━━━ RAW DATA

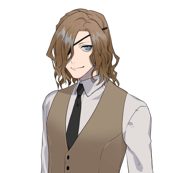 - 茶髪のロング、右目隠れに眼帯、ブラウンのベスト。
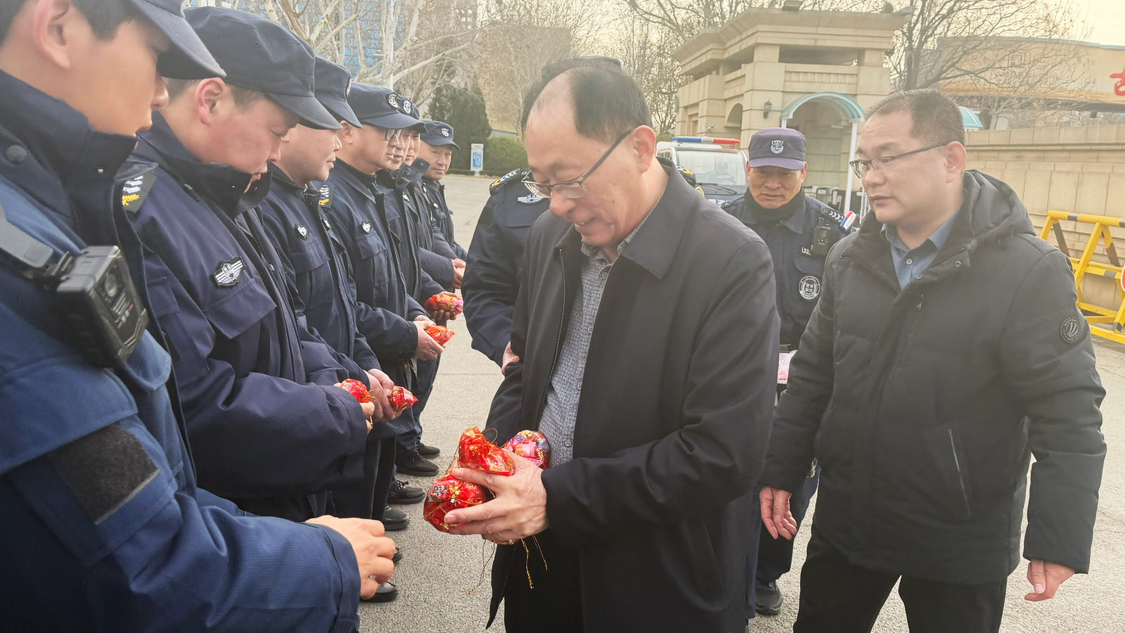 张存峰先后走访了校园门岗、学生公寓、环卫保洁点等重点区域,实地检查假期值班安排、安全保卫、后勤服务及应急保障等工作的落实情况。每到一处,他都与在岗工作人员亲切交谈,详细询问工作强度、生活保障以及家庭情况,对大家长期以来恪尽职守、默默奉献的辛勤付出表示衷心感谢。他勉励大家继续保持昂扬向上的工作热情,严格落实值班制度,抓实抓细安全管理和服务保障等各项工作,用心用情守护好校园的平安与和谐,确保全校师生度过一个安全、温馨、祥和的春节。
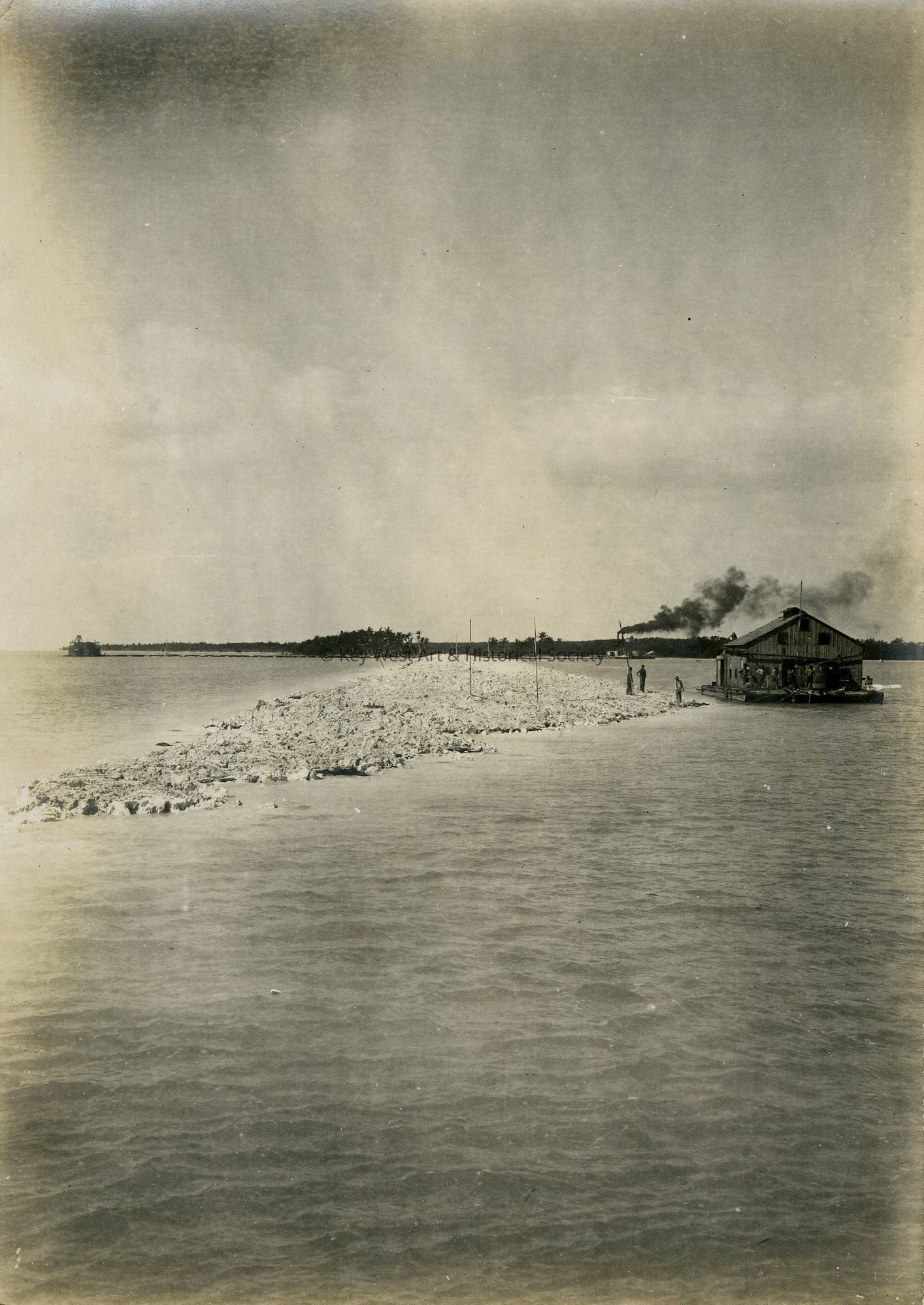 Black and white photograph depicting the construction of the Oversea Railway. The image shows a floating construction building along a spit of filled in earth.
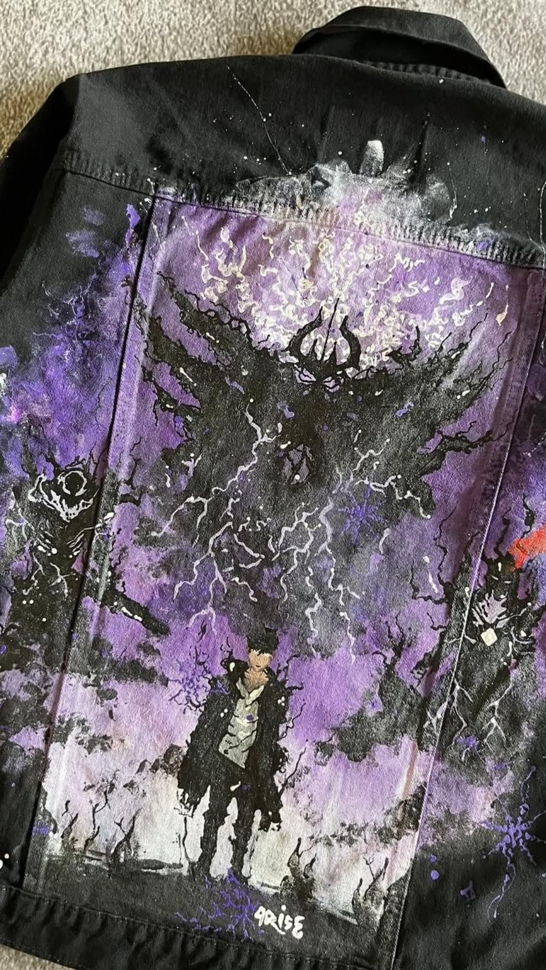 For fans who want to channel their inner Jin-Woo, fashion has become a powerful way to rep their fandom. Streetwear culture and anime collide in unique, hand-crafted designs that reflect the dark, edgy aesthetic of Solo Leveling. 🔥 One standout piece? The Sung Jin-Woo Jacket – Hand-Painted Denim for Anime Streetwear Fans.

━━━━━━

__ABOUT THIS EXERCISE__
Apart from the pictures, all of the data must be duplicated exactly as shown above.

__RESPONSE__
 - 茶髪のロング、右目隠れに眼帯、ブラウンのベスト。
 张存峰先后走访了校园门岗、学生公寓、环卫保洁点等重点区域,实地检查假期值班安排、安全保卫、后勤服务及应急保障等工作的落实情况。每到一处,他都与在岗工作人员亲切交谈,详细询问工作强度、生活保障以及家庭情况,对大家长期以来恪尽职守、默默奉献的辛勤付出表示衷心感谢。他勉励大家继续保持昂扬向上的工作热情,严格落实值班制度,抓实抓细安全管理和服务保障等各项工作,用心用情守护好校园的平安与和谐,确保全校师生度过一个安全、温馨、祥和的春节。
 Black and white photograph depicting the construction of the Oversea Railway. The image shows a floating construction building along a spit of filled in earth.
 For fans who want to channel their inner Jin-Woo, fashion has become a powerful way to rep their fandom. Streetwear culture and anime collide in unique, hand-crafted designs that reflect the dark, edgy aesthetic of Solo Leveling. 🔥 One standout piece? The Sung Jin-Woo Jacket – Hand-Painted Denim for Anime Streetwear Fans.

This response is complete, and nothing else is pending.